[Start of section]

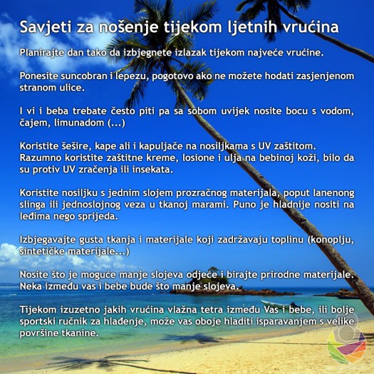 Kad je pakleno vruće znojimo se i bez bebe i nosiljke na sebi pa bi bilo dobro pratiti neke osnovne savjete kako ne bismo pregrijali bebu i sebe.
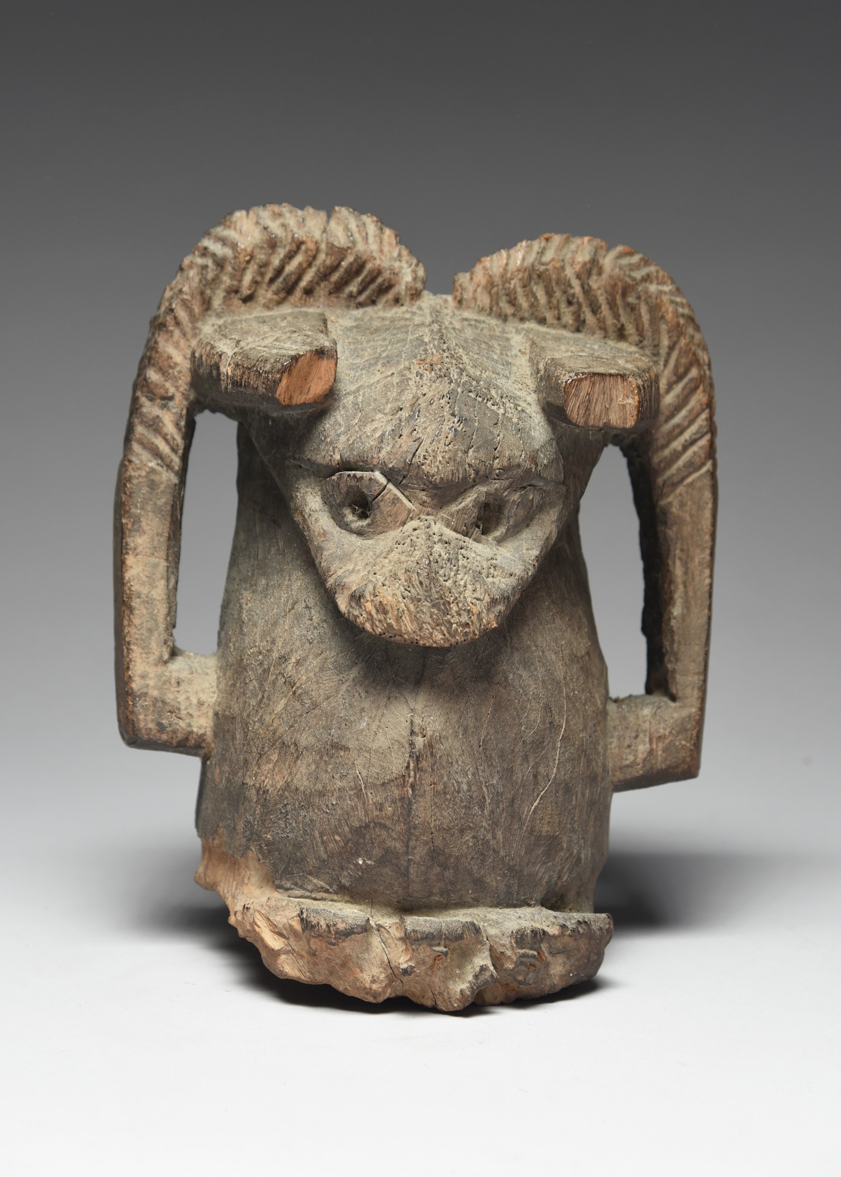 carved with a pair of part ribbed horns, the back carved out and with a pierced top for alter attachment, and with a blackened patina,
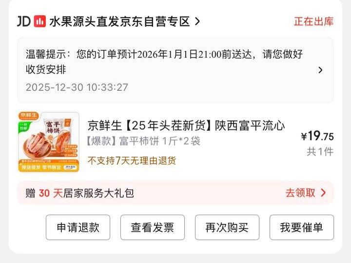 京鲜生陕西富平流心柿饼独立装2斤 1斤*2袋源头直发
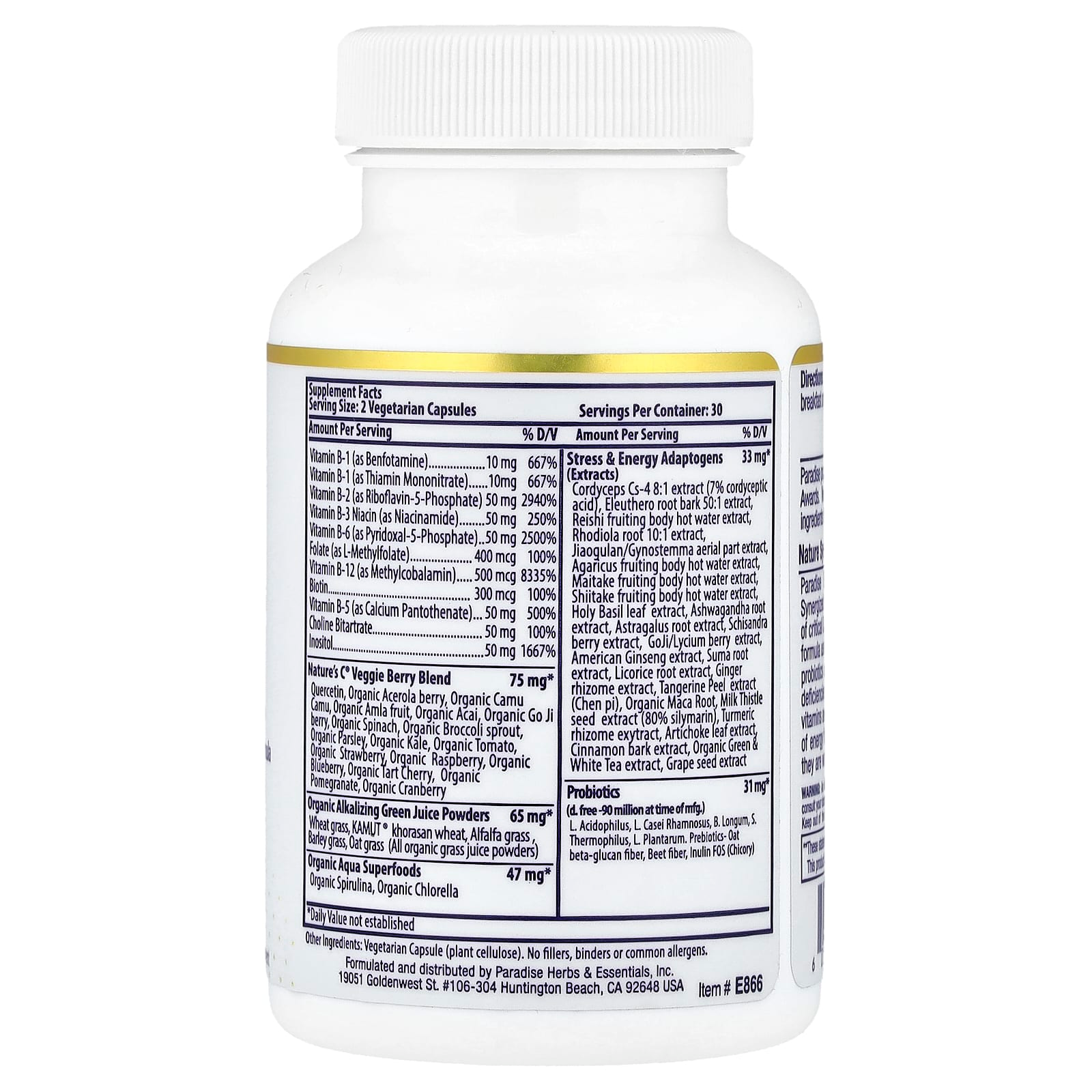 Le complexe de vitamines B Earth’s Blend de Paradise est un véritable superaliment Nature Synergized. Il fournit des formes enzymatiquement actives de vitamines B essentielles (B1, B2, B6), d’acide folique et de vitamine B12. Notre formule renferme les bienfaits de véritables aliments entiers associés à des vitamines, des probiotiques et des adaptogènes anti-stress, et ce, non seulement pour combler les carences, mais aussi pour contribuer à soutenir la santé de l’ensemble de l’organisme Les vitamines B sont essentielles pour le métabolisme et la production d’énergie à partir des aliments. Les vitamines B doivent être reconstituées, car elles sont hydrosolubles et facilement excrétées par l’organisme.
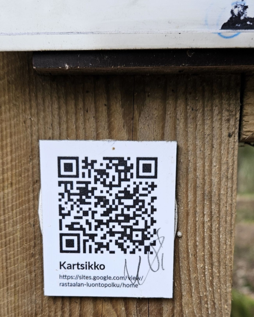 Luin taulusta, että reitin varrella on QR-koodeilla varustettuja tolppia. Näistä saa lisätietoa alueen merkittävimmistä luontokohteista. Infotaulussa oli QR-koodi ja aiheena ”Kartsikko”. Mikähän se olisi? Ilmeisesti yksi Karakallion lempinimistä, veikkaan minä. Koodi avaa sivun, jossa on jotakuinkin samat tekstit kuin itse infotaulussa.
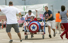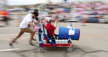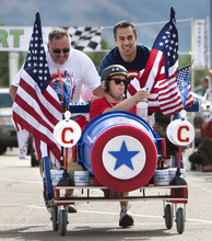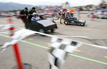 Layton • The fifth annual Pallet Grand Prix on Friday had all the thrills and spills of a professional race: Cars zooming down the track, drivers focused on beating their competitors, a vehicle veering off course, spectators cheering wildly and excited winners crossing the finish line.
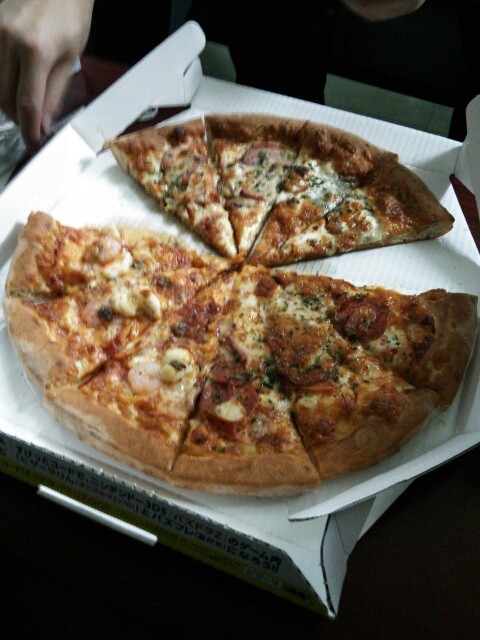 少しでもクリスマス気分をということで、社員寮の先輩がピザを頼んだので、少し頂いてきました。美味しかったんですが…。晩飯+ピザでリアル腹パンパン(©ベテラン)…。
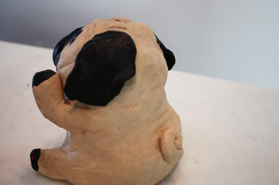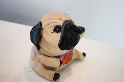 深井さんは基本的にネコ人形しか作らないのですが、無理を行ってパグを作ってもらったのです。これがまた良くできてる。
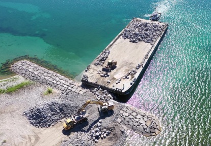 - Site preparation, including any necessary tree removals/protection, installing Erosion and Sediment Control (ESC) measures and construction fencing, creating staging/stockpiling areas and building temporary barge access docks on two of the headlands
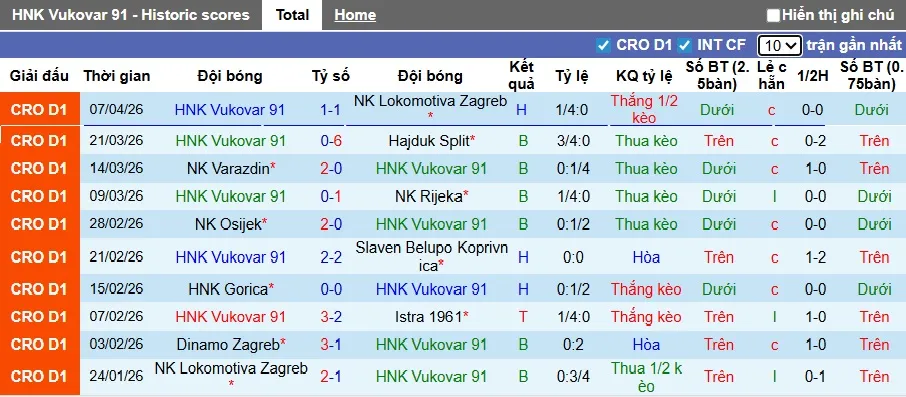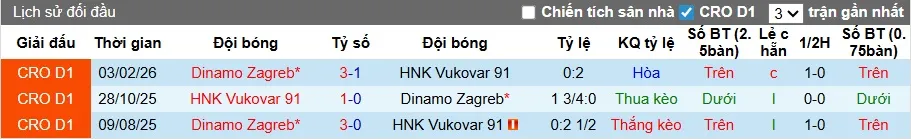 Trong 3 cuộc chạm trán ở mùa giải này, Vukovar đã thua 2 trận khi thi đấu xa nhà và từng gây bất ngờ với chiến thắng trước Dinamo Zagreb trên sân nhà hồi tháng 10/2025. Tuy nhiên, khả năng kịch bản này tái diễn trong trận đấu tối nay là rất khó khăn. Thành tích thua 4/5 trận gần đây của Vukovar hoàn toàn trái ngược với chuỗi 9 trận toàn thắng của Dinamo Zagreb. Với đẳng cấp vượt trội và quyết tâm bảo vệ ngôi đầu bảng, chiến thắng cho Dinamo Zagreb không phải là điều quá bất ngờ.
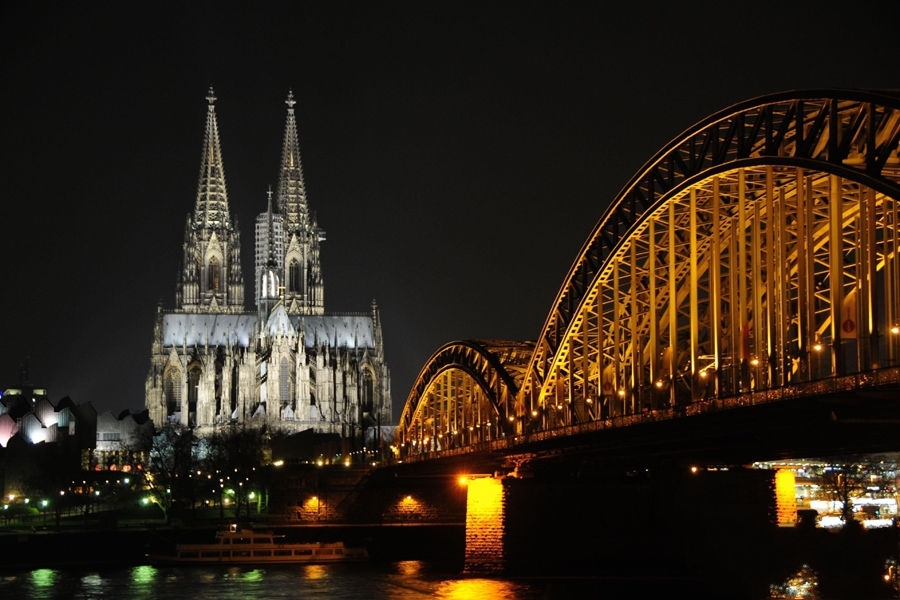 這座高157.38米,花費16萬噸石頭,歷時632年才建成的世界上最偉大的哥特式建筑,足以讓任何人對科隆這座城市肅然起敬,為科隆市民的頑強和永不停息的奮斗精神所折服。腳下踩著德意志大橋堅實而樸素的鋼梁,橋下是萊茵河靜靜的流淌,遠望大教堂直入云端的尖頂,我感悟到這就是德意志精神所在——堅強、追求、深邃。迎面吹來涼爽的風,我慢慢閉上眼睛,用心去感受此刻異國他鄉靜謐與神圣。腦海卻浮現出穿制服的黨衛軍的來回走動、集中營里鐵絲網后猶太兒童恐懼的眼神……而后隆隆的炮聲從耳邊響起,科隆籠罩在火光中,萊茵河上巨響后升起的水柱直沖大橋的橋身…….日耳曼,這是怎樣一個民族啊?

[End of section]

### Exercise
Output each record above exactly as it stands, excluding all pictures.

### Response to the task
 Kad je pakleno vruće znojimo se i bez bebe i nosiljke na sebi pa bi bilo dobro pratiti neke osnovne savjete kako ne bismo pregrijali bebu i sebe.
 carved with a pair of part ribbed horns, the back carved out and with a pierced top for alter attachment, and with a blackened patina,
 京鲜生陕西富平流心柿饼独立装2斤 1斤*2袋源头直发
 Le complexe de vitamines B Earth’s Blend de Paradise est un véritable superaliment Nature Synergized. Il fournit des formes enzymatiquement actives de vitamines B essentielles (B1, B2, B6), d’acide folique et de vitamine B12. Notre formule renferme les bienfaits de véritables aliments entiers associés à des vitamines, des probiotiques et des adaptogènes anti-stress, et ce, non seulement pour combler les carences, mais aussi pour contribuer à soutenir la santé de l’ensemble de l’organisme Les vitamines B sont essentielles pour le métabolisme et la production d’énergie à partir des aliments. Les vitamines B doivent être reconstituées, car elles sont hydrosolubles et facilement excrétées par l’organisme.
 Luin taulusta, että reitin varrella on QR-koodeilla varustettuja tolppia. Näistä saa lisätietoa alueen merkittävimmistä luontokohteista. Infotaulussa oli QR-koodi ja aiheena ”Kartsikko”. Mikähän se olisi? Ilmeisesti yksi Karakallion lempinimistä, veikkaan minä. Koodi avaa sivun, jossa on jotakuinkin samat tekstit kuin itse infotaulussa.
 Layton • The fifth annual Pallet Grand Prix on Friday had all the thrills and spills of a professional race: Cars zooming down the track, drivers focused on beating their competitors, a vehicle veering off course, spectators cheering wildly and excited winners crossing the finish line.
 少しでもクリスマス気分をということで、社員寮の先輩がピザを頼んだので、少し頂いてきました。美味しかったんですが…。晩飯+ピザでリアル腹パンパン(©ベテラン)…。
 深井さんは基本的にネコ人形しか作らないのですが、無理を行ってパグを作ってもらったのです。これがまた良くできてる。
 - Site preparation, including any necessary tree removals/protection, installing Erosion and Sediment Control (ESC) measures and construction fencing, creating staging/stockpiling areas and building temporary barge access docks on two of the headlands
 Trong 3 cuộc chạm trán ở mùa giải này, Vukovar đã thua 2 trận khi thi đấu xa nhà và từng gây bất ngờ với chiến thắng trước Dinamo Zagreb trên sân nhà hồi tháng 10/2025. Tuy nhiên, khả năng kịch bản này tái diễn trong trận đấu tối nay là rất khó khăn. Thành tích thua 4/5 trận gần đây của Vukovar hoàn toàn trái ngược với chuỗi 9 trận toàn thắng của Dinamo Zagreb. Với đẳng cấp vượt trội và quyết tâm bảo vệ ngôi đầu bảng, chiến thắng cho Dinamo Zagreb không phải là điều quá bất ngờ.
 這座高157.38米,花費16萬噸石頭,歷時632年才建成的世界上最偉大的哥特式建筑,足以讓任何人對科隆這座城市肅然起敬,為科隆市民的頑強和永不停息的奮斗精神所折服。腳下踩著德意志大橋堅實而樸素的鋼梁,橋下是萊茵河靜靜的流淌,遠望大教堂直入云端的尖頂,我感悟到這就是德意志精神所在——堅強、追求、深邃。迎面吹來涼爽的風,我慢慢閉上眼睛,用心去感受此刻異國他鄉靜謐與神圣。腦海卻浮現出穿制服的黨衛軍的來回走動、集中營里鐵絲網后猶太兒童恐懼的眼神……而后隆隆的炮聲從耳邊響起,科隆籠罩在火光中,萊茵河上巨響后升起的水柱直沖大橋的橋身…….日耳曼,這是怎樣一個民族啊?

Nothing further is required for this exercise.